For Australians living with chronic hepatitis C, the listing of several new antiviral medicines on the Pharmaceutical Benefits Scheme (PBS) is an important step forward.1,2,3
These newer medicines work well, are easier to take, and are better tolerated than older treatments for hepatitis C virus (HCV).2 As well, a PBS listing means the medicines are subsidised, so more Australians can afford treatment.
About hepatitis C
Hepatitis C is a blood-borne virus that causes liver infection and inflammation. The illness can vary from being mild and acute, to serious and chronic. Serious diseases like liver cirrhosis or liver cancer often develop if people are infected for a long time and do not receive treatment. A vaccine cannot prevent hepatitis C.

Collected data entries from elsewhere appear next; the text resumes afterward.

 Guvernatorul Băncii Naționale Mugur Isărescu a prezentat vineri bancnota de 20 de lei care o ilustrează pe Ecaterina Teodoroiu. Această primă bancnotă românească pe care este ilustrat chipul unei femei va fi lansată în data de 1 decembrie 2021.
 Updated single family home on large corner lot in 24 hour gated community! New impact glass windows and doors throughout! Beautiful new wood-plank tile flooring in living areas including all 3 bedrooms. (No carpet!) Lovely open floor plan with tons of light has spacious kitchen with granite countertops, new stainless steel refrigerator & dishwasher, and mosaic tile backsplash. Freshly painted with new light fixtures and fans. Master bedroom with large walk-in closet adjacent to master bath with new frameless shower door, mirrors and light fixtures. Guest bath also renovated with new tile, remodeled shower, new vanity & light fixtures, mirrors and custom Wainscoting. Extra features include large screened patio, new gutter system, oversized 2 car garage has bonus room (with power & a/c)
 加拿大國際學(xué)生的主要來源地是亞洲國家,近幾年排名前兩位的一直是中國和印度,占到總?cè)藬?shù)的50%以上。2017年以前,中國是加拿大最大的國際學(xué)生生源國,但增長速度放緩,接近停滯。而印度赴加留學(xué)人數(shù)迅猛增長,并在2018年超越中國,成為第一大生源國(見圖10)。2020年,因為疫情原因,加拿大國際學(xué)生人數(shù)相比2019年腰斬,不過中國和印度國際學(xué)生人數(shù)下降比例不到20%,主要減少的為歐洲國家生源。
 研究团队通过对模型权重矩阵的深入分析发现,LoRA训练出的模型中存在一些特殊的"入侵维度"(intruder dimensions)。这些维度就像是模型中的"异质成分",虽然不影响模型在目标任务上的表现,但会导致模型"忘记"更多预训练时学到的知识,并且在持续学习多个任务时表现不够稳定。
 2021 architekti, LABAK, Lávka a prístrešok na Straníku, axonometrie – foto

A major advance in treatment
Antiviral medicines treat infections caused by viruses. Treating HCV reduces the risk of liver scarring (fibrosis) or worsening existing liver disease.4
Use of antiviral treatments for hepatitis C infection in Australia has been low.2 Reasons for this included unpleasant medicine side effects (ie, flu-like symptoms, anaemia, rash, and cough), needing to inject a medicine (called interferon), treatment lasting a long time (24–48 weeks) and low cure rates.5
More recently, new direct-acting antiviral (DAA) medicines have been developed. These medicines:
- can be used by more people with HCV
- often do not need interferon to be injected as well
- involve fewer tablets
- have high ‘cure’ rates
- have shorter treatment duration (8–24 weeks).1,2
All people with HCV should consider antiviral therapy. Most people who start treatment will be cured. This means they will have undetectable levels of the hepatitis C virus in their blood 3 months after treatment has finished.1,2
Managing side effects and interactions
Like all medicines, these new HCV antivirals can cause side effects, including fatigue, headache and nausea.2 People thinking about taking these medicines should talk with their doctor or pharmacist about how to manage side effects if they happen.

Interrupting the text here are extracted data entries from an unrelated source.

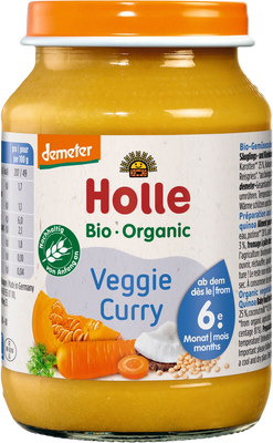 Holle = víc jenže jen bio. Tradiční prémiová švýcarská značka přináší vašim dětem od 6. měsíce chutnou přesnídávku veggie curry- bez přidaného cukru, soli, konzervačních látek a aromat. Je označena značkou demeter, která je ekvivalentem nejvyšší kvality dětské výživy z biologického zemědělství na trhu a zároveň je synonymem pro udržitelné hospodářství - v souladu s přírodou. Produkt je CO2 neutrální. Více informací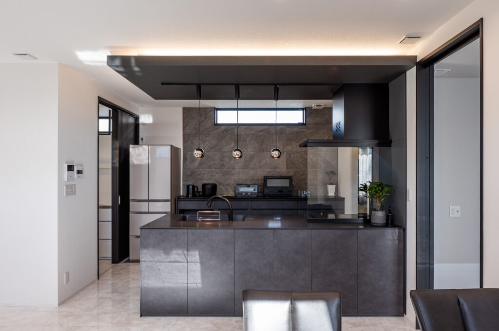 グレートーンでまとめた内装に、素材感と照明で奥行きを演出。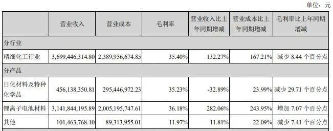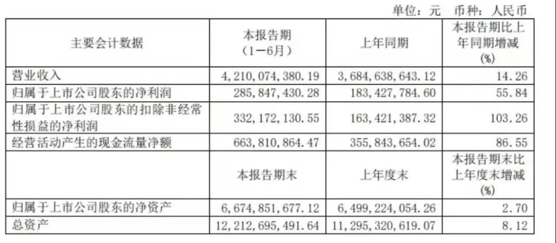 8月23日晚间,天赐材料披露了2021年半年度报告。今年上半年,实现营业收入36.99亿元,同比增长132.27%;实现归母净利润7.82亿元,同比增长151.13%;扣非净利润为7.66亿元,同比增长146.48%。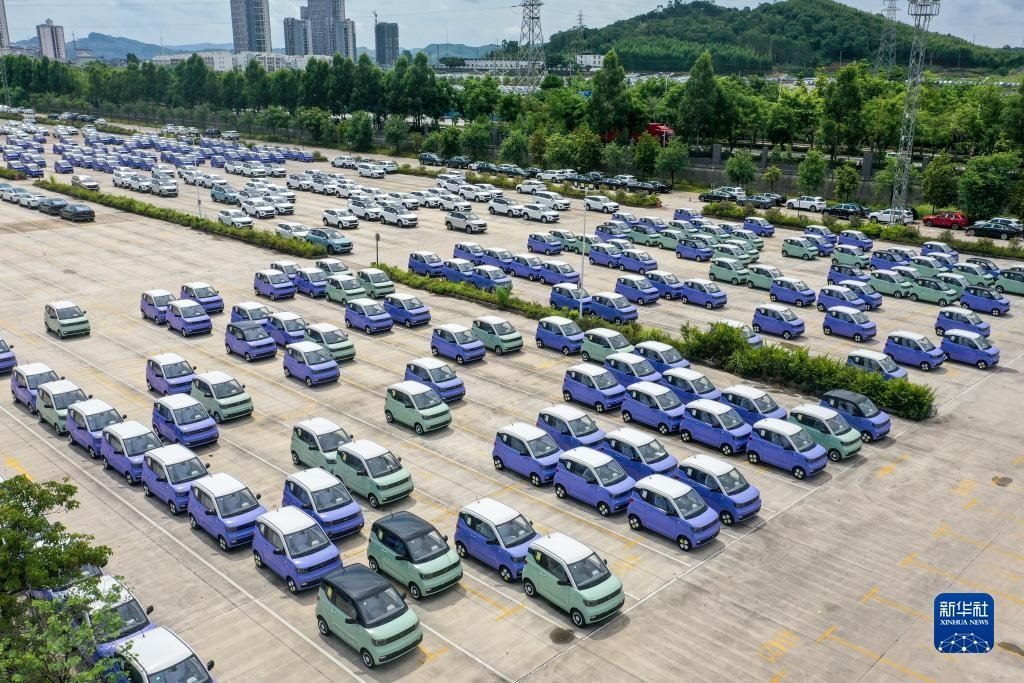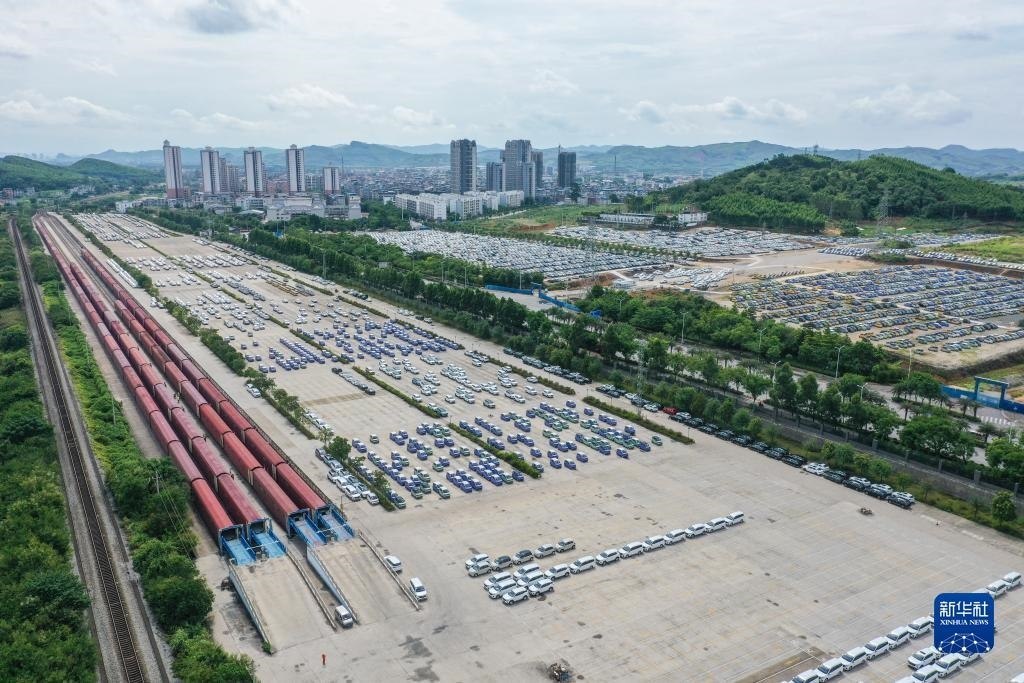 這是位于廣西柳州市的雒容汽車物流基地,一些出口的新能源汽車從這里裝車運往各大出海港口(7月19日攝,無人機照片)。新華社記者 曹祎銘 攝

People treated with an antiviral medicine can reduce the chance of medicine interactions occurring by keeping an up-to-date medicine list and bringing it to their appointments. The medicines list should include information about all prescription and non-prescription medicines being taken, as well as any herbal preparations, vitamins and supplements.

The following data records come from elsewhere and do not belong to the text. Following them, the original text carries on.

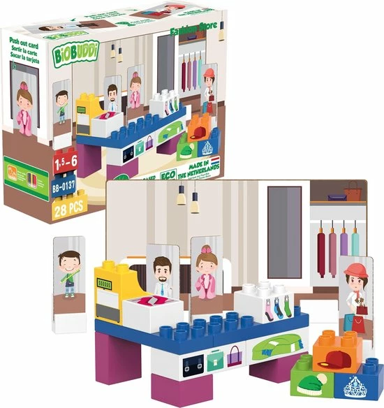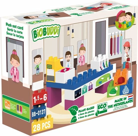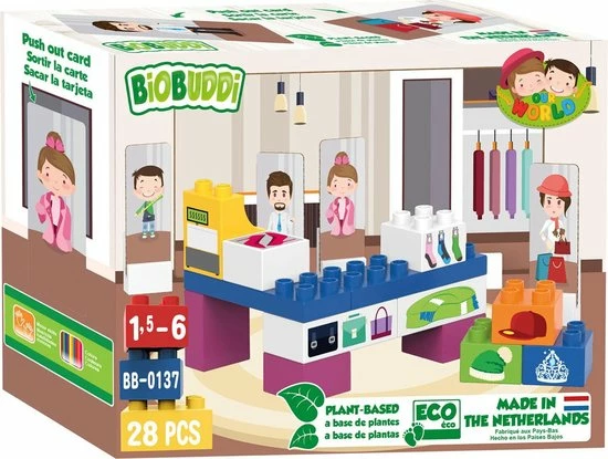 Bouw je eigen Fashion store, verkoop de mooiste kleren van de stad en wie weet lopen ze binnenkort met jouw kleren over de Catwalk. De leerzame en leuke speelset Fashion store bevat 28 bouwblokken, 5 uitdrukkaartjes met nieuwe personages, zoals de getalenteerde stylist en zijn klanten, en een gloednieuw achtergrond. Alle kaartjes zijn verwerkt in de 100% recyclebare verpakking! Onze bouwblokken zijn speciaal gemaakt door kinderen van 1.5 tot 6 jaar, gemaakt van resten uit de suikerriet plant. De blokken zijn milieuvriendelijk, recyclebaar, duurzaam en ook uitwisselbaar met andere merken. Het helpt kinderen met het ontwikkelen van zowel motorische, cognitieve en creatieve vaardigheden tijdens het spelen. Met BiOBUDDi laat je zien dat je verantwoord omgaat met de planeet en toekomst van de aarde. Daarnaast staat BiOBUDDi garant voor uren veilig en verantwoord speelplezier.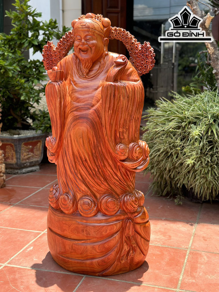Tượng Thần Tài Gỗ Hương Cao 140 Ngang 63 Sâu 38 (cm)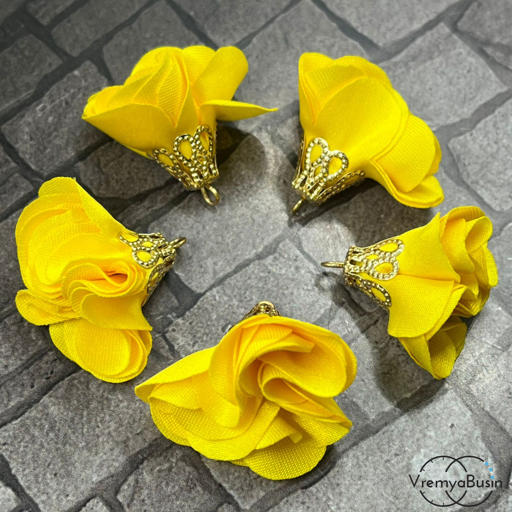 Кисточка из ткани "Цветок" в золотой шапочке, длина 25 мм. (1 шт.)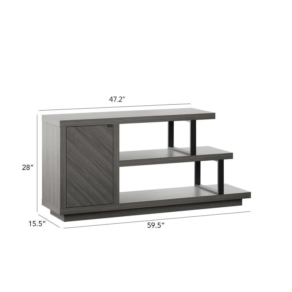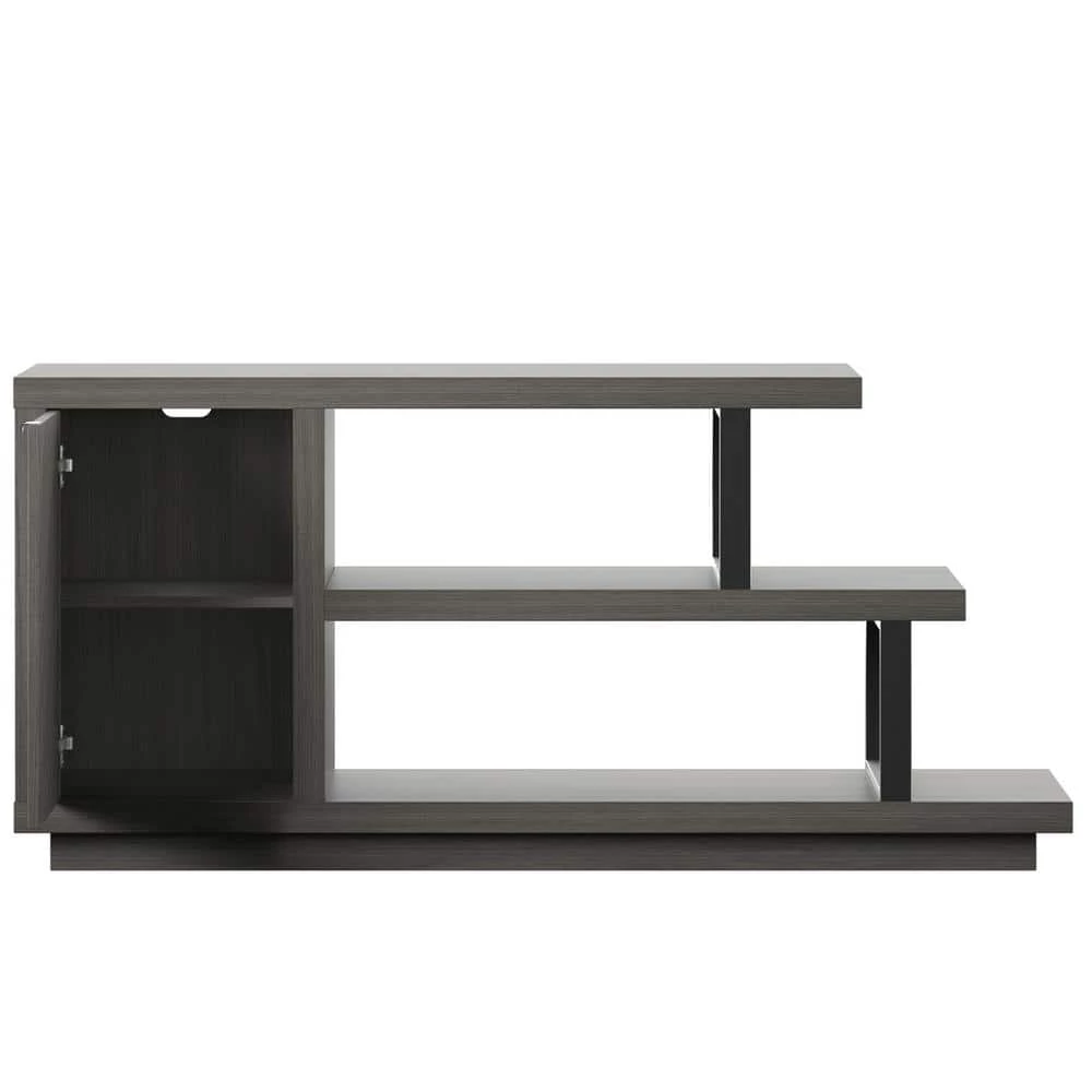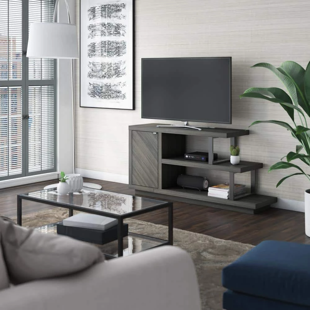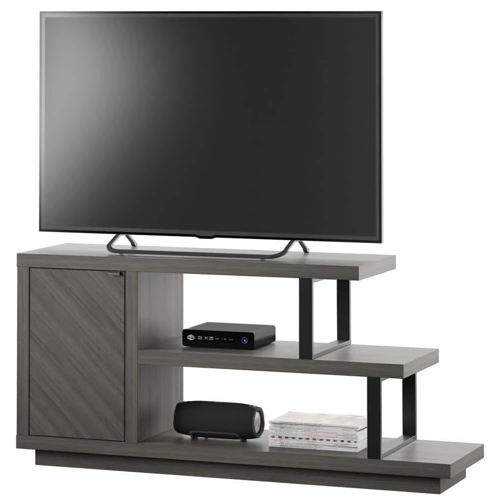 With an eye-catching asymmetrical design and modern style, this TV stand is an ideal addition for your contemporary living room. Open shelving at one end creates room.to showcase home accents like family photos and seasonal decor. or display your favorite books and movies. A single door cabinet with a diagonal wood grain pattern beautifully conceals adjustable shelving for remotes, gaming controllers, throws, and other living room.must-haves. Hidden soft-close hinges offer a streamlined look and quiet use, while back panel cutouts neatly route cables and cords for simple setup and a tidy appearance. Designed to accommodate most TVs up to 55 in., this stand will let you catch up on your favorite series or watch every game in chic style.

Who can receive the new treatments?
The new PBS-listed antiviral medicines are available to anyone aged 18 and over with chronic hepatitis C, but certain medicines are more suitable for particular patients.
There are six main strains (genotypes) of HCV, and each strain can also have subtypes. In Australia, 90% of people with hepatitis C are infected with genotypes 1a, 1b or 3a.5
Identifying the genotype involved in each hepatitis C infection helps to determine the most suitable medicine for the infected individual. Other factors that can influence treatment options2 include:
- presence of liver cirrhosis
- presence of other health conditions
- whether the person has been treated for hepatitis C infection before.
Currently interferon-free treatment options are only available for HCV genotypes 1, 2 and 3.2 People with genotypes 4, 5 and 6 need to take a newer DAA medicine alongside an interferon and another antiviral agent called ribavirin.
Improving access to new medicines
Listing these prescription medicines on the PBS makes them affordable for more people with chronic hepatitis C, which should help to increase uptake. Normal PBS co-payment for a prescription of these medicines is currently $6.20 for concessional patients and $38.30 for general patients. Without this government subsidy, these medicines would be too expensive for most Australians.
The PBS listings also aim to improve the way people access these medicines and receive support during treatment.1,2 The new medicines can be prescribed by GPs in consultation with a specialist, not just by specialists alone. This increases the number of prescribers in the community.1,2
Approved pharmacies stock and dispense these hepatitis C medicines. People being treated for HCV should discuss their needs with their pharmacist before they start their medicines.
- NPS Medicinewise. Outmanoeuvring hepatitis C. NPS RADAR April 2016 (accessed 15 July 2016).
- Hepatitis C Virus Infection Consensus Statement Working Group. Australian recommendations for the management of hepatitis C virus infection: a consensus statement 2016. Melbourne: Gastroenterological Society of Australia, 2016. [Online] (accessed 1 March 2016).
- Hajarizadeh B, Grebely J, McManus H, et al. Chronic hepatitis C burden and treatment uptake in Australia: updated figures at the beginning of a new era [abstract]. HEP DART 2015: Frontiers in Drug Development for Viral Hepatitis. Global Antiviral Journal 2015; 11 Suppl 3:85-86.
- Gastrointestinal Expert Group. Gastrointestinal version 5. eTG complete. Melbourne: Therapeutic Guidelines Limited, 2011. [eTG online] (accessed 21 January 2016).
- Bowden DS, Berzsenyi MD. Chronic hepatitis C virus infection: genotyping and its clinical role. Future Microbiol 2006; 1 (1): 103-112. [PubMed].